In a pair of legal filings, Amendola responded to attacks by the attorney general’s office and others to his subpoenas, saying he needs the resulting information to prepare Sandusky’s legal defense.
He also filed a “motion to compel” that asked Judge John Cleland to order the release of prosecution materials “forthwith.” Amendola said he has yet to go through about 200 pages he received on Monday from the attorney general’s office, after a five-week period in which he said 30 defense discovery requests went unanswered.
Sandusky, 68, is confined to his home to await trial on 52 criminal counts, allegations he has repeatedly denied. Prosecutors say he engaged in a range of illegal sexual acts involving boys, including violent assaults inside Penn State athletic facilities. Jury selection is scheduled to begin June 5.
A spokesman for the attorney general’s office declined to comment. A gag order issued by Cleland has severely restricted what lawyers may say about the case.

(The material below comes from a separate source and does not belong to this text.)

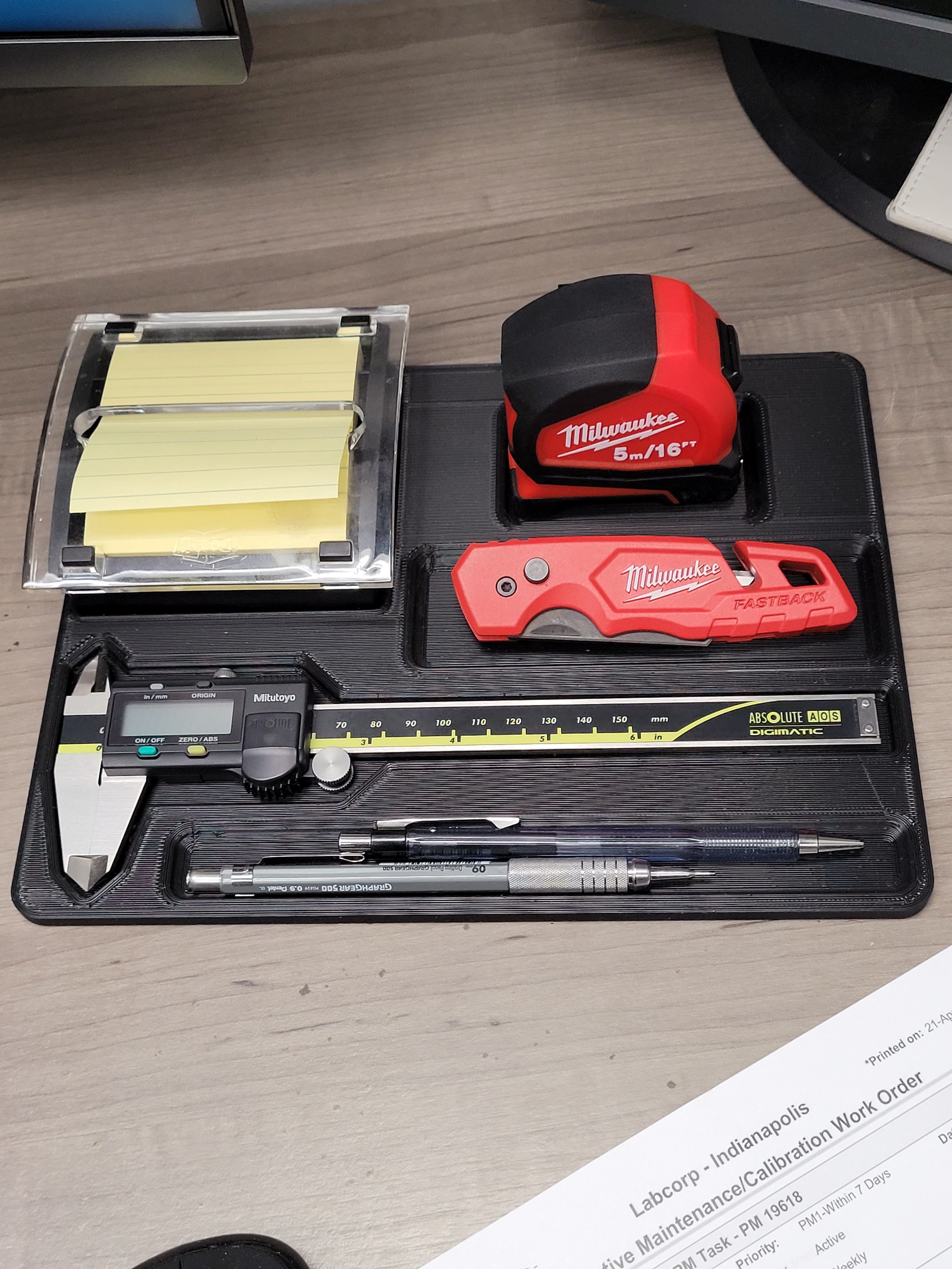 Työpöydän organisointilaite, jossa on Mitutoyo Calibre ja Milwaukee mittanauha ja veitsi.

Amendola said one alleged victim, called Victim 10 in court records, served time in prison for a robbery offense, but that information had not been disclosed by prosecutors.
He said the attorney general’s office gave him an 18-page university police report from a 1998 investigation into a complaint that Sandusky had showered with a boy, but the report’s other 72 pages have not been turned over.
Sandusky also told Cleland that school officials deemed unfounded a claim by Victim 1 that “an unknown male related to The Second Mile had approached him in a bathroom at his high school,” but prosecutors did not reveal that information to him. The Second Mile is a charity for at-risk youth, founded by Sandusky in 1977, that prosecutors say was used by Sandusky to locate targets of his alleged molestation.
The young man’s civil lawyer, Slade McLaughlin, said he did not want to try his case in the press with the criminal trial a month away.
“The truth about Sandusky will all come out then,” McLaughlin said. “All these ancillary issues being raised by Amendola are irrelevant and inadmissible.”
Amendola also told Cleland that prosecutors have not disclosed criminal backgrounds for other alleged victims, and that Victim 3 had been banned from high school property after bringing a weapon onto the premises.
Amendola wrote that some of what he has sought could make jurors doubt the credibility of witnesses at trial, while other information relates to Sandusky’s theory that the accusers “have ulterior motives including financial gain to make false accusations.”
Also Thursday, Juniata College filed a motion with the court asking Cleland to throw out a defense subpoena from Sandusky. Similar motions were previously filed by The Second Mile, the Keystone Central School District, the Mifflin County School District and the attorney general’s office.
Cleland has scheduled a Wednesday court hearing on the subpoena issues for the Centre County Courthouse in Bellefonte.